Api changes to mark cryptographic parameters are excluded/obsolete

abh1sar · abh1sar · commit 6f995fbc4a68 · 2025-12-04T21:36:21.000+05:30
diff --git a/api/src/main/java/org/apache/cloudstack/api/ApiConstants.java b/api/src/main/java/org/apache/cloudstack/api/ApiConstants.java
@@ -1194,6 +1194,10 @@ public class ApiConstants {
             "value will be applied.";
     public static final String VMWARE_DC = "vmwaredc";
 
+    public static final String VPN_CUSTOMER_GATEWAY_PARAMETERS = "vpncustomergatewayparameters";
+    public static final String CONTAINS_OBSOLETE_PARAMETERS = "containsobsoleteparameters";
+    public static final String CONTAINS_EXCLUDED_PARAMETERS = "containsexcludedparameters";
+
     /**
      * This enum specifies IO Drivers, each option controls specific policies on I/O.
      * Qemu guests support "threads" and "native" options Since 0.8.8 ; "io_uring" is supported Since 6.3.0 (QEMU 5.0).
diff --git a/api/src/main/java/org/apache/cloudstack/api/command/user/config/ListCapabilitiesCmd.java b/api/src/main/java/org/apache/cloudstack/api/command/user/config/ListCapabilitiesCmd.java
@@ -74,6 +74,10 @@ public void execute() {
         response.setSharedFsVmMinRamSize((Integer)capabilities.get(ApiConstants.SHAREDFSVM_MIN_RAM_SIZE));
         response.setDynamicScalingEnabled((Boolean) capabilities.get(ApiConstants.DYNAMIC_SCALING_ENABLED));
         response.setAdditionalConfigEnabled((Boolean) capabilities.get(ApiConstants.ADDITONAL_CONFIG_ENABLED));
+        if (capabilities.containsKey(ApiConstants.VPN_CUSTOMER_GATEWAY_PARAMETERS)) {
+            Map<String, Object> vpnCustomerGatewayParameters = (Map<String, Object>) capabilities.get(ApiConstants.VPN_CUSTOMER_GATEWAY_PARAMETERS);
+            response.setVpnCustomerGatewayParameters(vpnCustomerGatewayParameters);
+        }
         response.setObjectName("capability");
         response.setResponseName(getCommandName());
         this.setResponseObject(response);
diff --git a/api/src/main/java/org/apache/cloudstack/api/response/CapabilitiesResponse.java b/api/src/main/java/org/apache/cloudstack/api/response/CapabilitiesResponse.java
@@ -16,6 +16,8 @@
 // under the License.
 package org.apache.cloudstack.api.response;
 
+import java.util.Map;
+
 import org.apache.cloudstack.api.ApiConstants;
 import org.apache.cloudstack.api.BaseResponse;
 
@@ -144,6 +146,10 @@ public class CapabilitiesResponse extends BaseResponse {
     @Param(description = "true if additional configurations or extraconfig can be passed to Instances", since = "4.20.2")

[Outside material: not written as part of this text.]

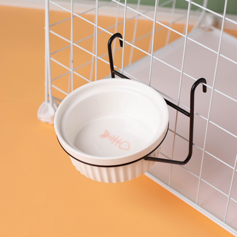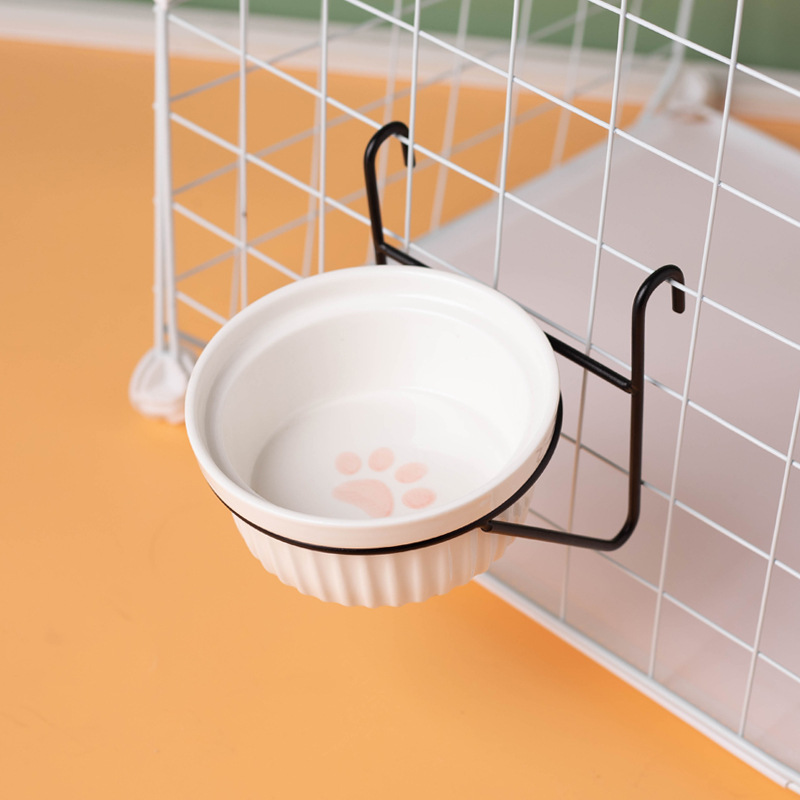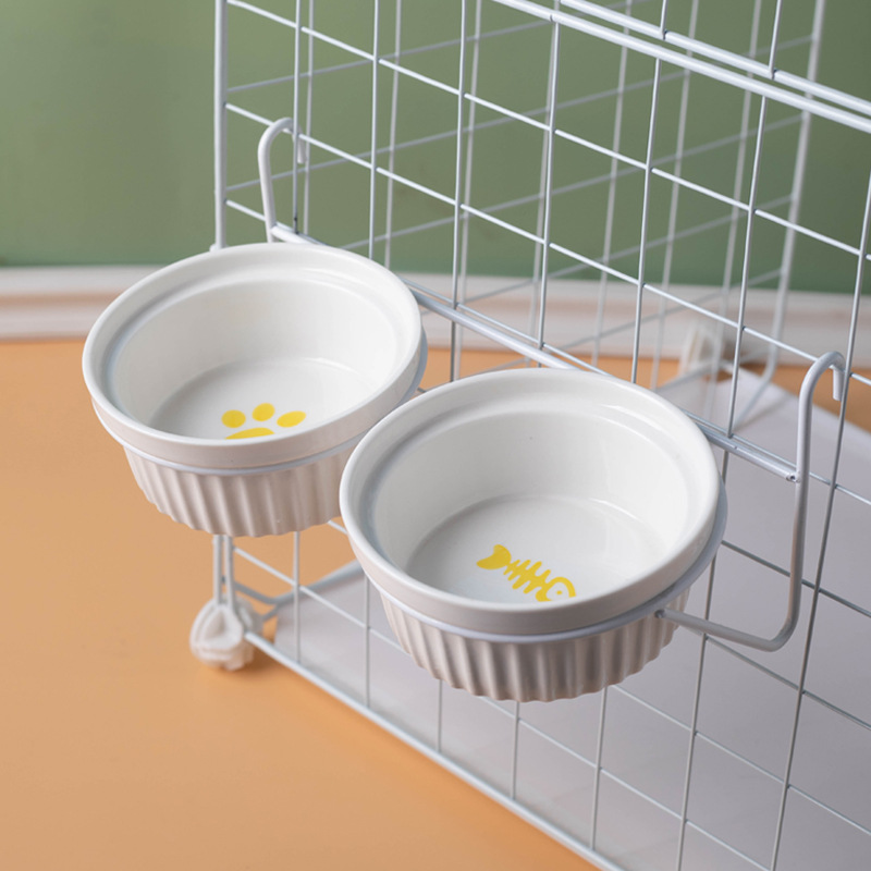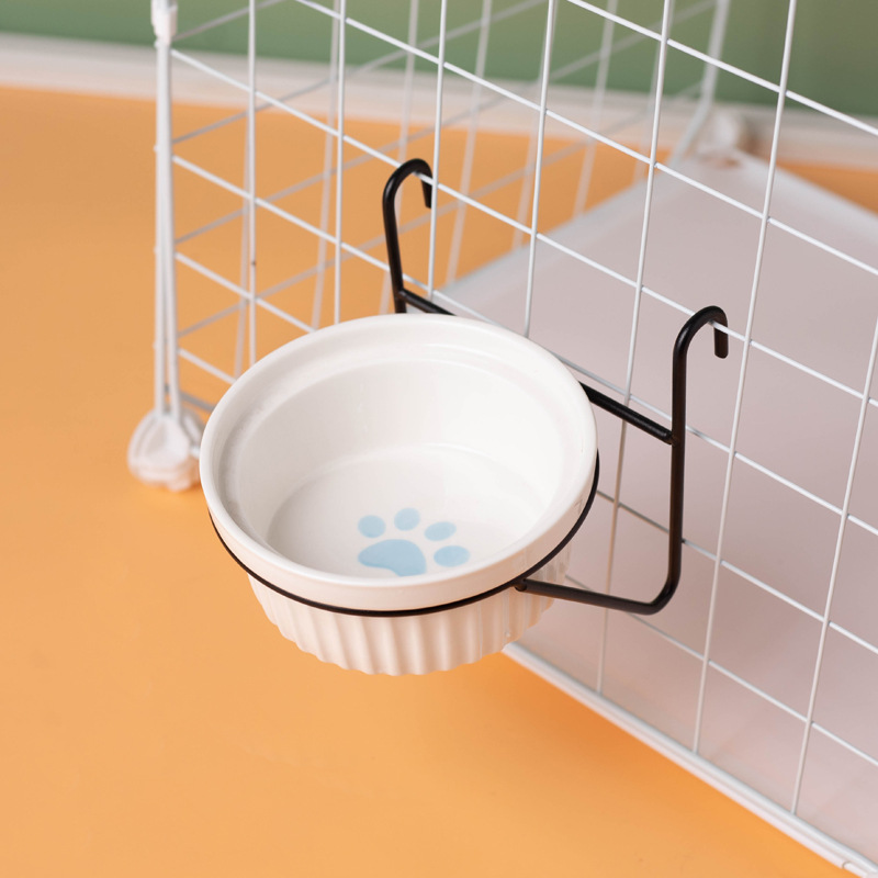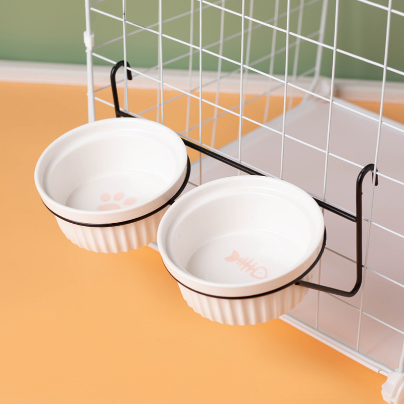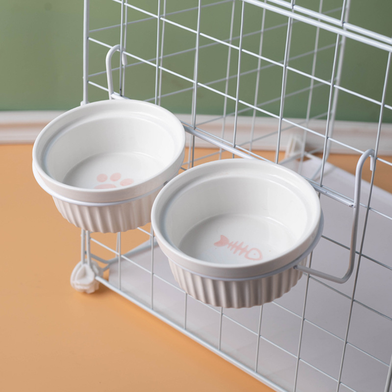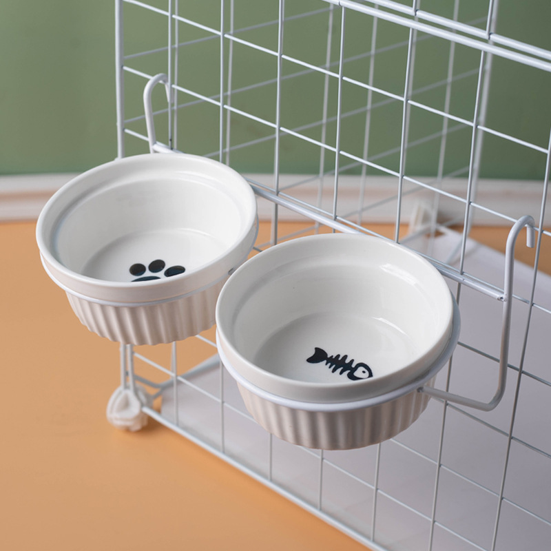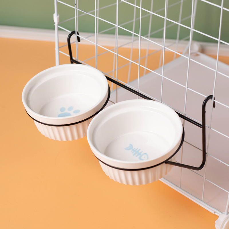 세라믹 고양이 그릇 전복 방지 고양이 음식 분지 교수형 마시는 그릇 고정 개 분지 교수형 케이지 애완 동물 그릇 강아지 새끼 고양이 그릇

     private Boolean additionalConfigEnabled;
 
+    @SerializedName(ApiConstants.VPN_CUSTOMER_GATEWAY_PARAMETERS)
+    @Param(description = "Excluded and obsolete VPN customer gateway cryptographic parameters")
+    private Map<String, Object> vpnCustomerGatewayParameters;
+
     public void setSecurityGroupsEnabled(boolean securityGroupsEnabled) {
         this.securityGroupsEnabled = securityGroupsEnabled;
     }
@@ -263,4 +269,8 @@ public void setDynamicScalingEnabled(Boolean dynamicScalingEnabled) {
     public void setAdditionalConfigEnabled(Boolean additionalConfigEnabled) {
         this.additionalConfigEnabled = additionalConfigEnabled;
     }
+
+    public void setVpnCustomerGatewayParameters(Map<String, Object> vpnCustomerGatewayParameters) {
+        this.vpnCustomerGatewayParameters = vpnCustomerGatewayParameters;
+    }
 }
diff --git a/api/src/main/java/org/apache/cloudstack/api/response/Site2SiteCustomerGatewayResponse.java b/api/src/main/java/org/apache/cloudstack/api/response/Site2SiteCustomerGatewayResponse.java
@@ -114,6 +114,14 @@ public class Site2SiteCustomerGatewayResponse extends BaseResponseWithAnnotation
     @Param(description = "Which IKE Version to use, one of ike (autoselect), ikev1, or ikev2. Defaults to ike")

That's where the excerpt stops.